Too many times hospitals are designed around an idealistic picture while it should be around stringent flow, function, and cost. Ask yourself; what future uses could this room have and adjust the best way you see fit to maximize versatility.

Your Healthcare Real Estate Expert

Jim Ellis

2 Responses to “3 Lessons on How to Future Proof Your Hospitals”

  1. Tobias Gilk says:

    “How to future-proof your hospital”?

    Cut the anchor!

    Too often we use ‘the way we’ve always done it’ or evidence-based design (when the data behind the evidence is 10 years old) as drivers for designing new facilities. We should never throw out precedent just for the sake of doing so, but at the same time precedent is just the way things were done in the past, not the REASON they were done that way!
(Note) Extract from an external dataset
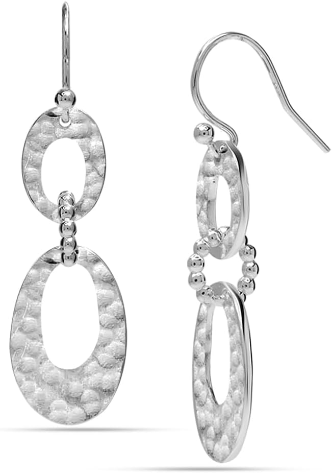 LeCalla 925 Sterling Silver Drop & Dangle Earrings for Women | Handmade Hammered Textured Drop Dangle Earring Jewelry | Women's Hammered Earrings Jewelry for Gift Mom Wife

    Some think futurecasting requires tarot cards, or a crystal ball, or super-genius IQ, however there are elements of the future that we all know, today, but too often don’t effectively incorporate into facility plans. Take two ‘slow-ptich’ examples, demographics and reimbursement.

    Demographics:
    Your median patient will get older… quite a bit older… over the next 20 years. Which facility design elements or departments are in the heaviest demand (per capita) from your older patients? Cath lab? G.I.? Interventional radiology? Cardiac? Physical rehab? Guess what, you should probably plan that these departments will need to grow (either within your facility or without) even if you’re cutting the ribbon on a brand new building, today.

    Reimbursement:
    Has there been wild cycling of reimbursement rates… low one year and then high the next? No. Reimbursement for most procedures has been plummeting… a seemingly never ending plunge that makes your stomach flutter. Particularly in those areas where further reimbursement cuts are already in the budgetary crosshairs (this means you, radiology), additional effort must be paid to efficiency and throughput. For radiology, this is just one element of a triple-threat (see ‘demographics’ above for threat #2, and #3 being that it came of age as a cash-cow and has *never*, until recently, had to work to pay its own way… the result is institutionalized inefficiencies).

    Futureproofing your hospital has to do with taking the very latest information you have about your patients, your docs, your staff, your entire operation, looking through the recent history for trend lines that will help you project forward. Overlay these trend lines with high-probability shifts in the future, and you’ll paint for yourself a good picture of where you might want to be in 5, 10, or 15 years.

    Tobias Gilk

    • Jim Ellis says:

      Great points Tobias. As far as departments in demand the big three that hospitals seem to be specifically expecting to grow in are cardiology, oncology and orthopedics. No surprise given the aging baby boomers and need for specialty services.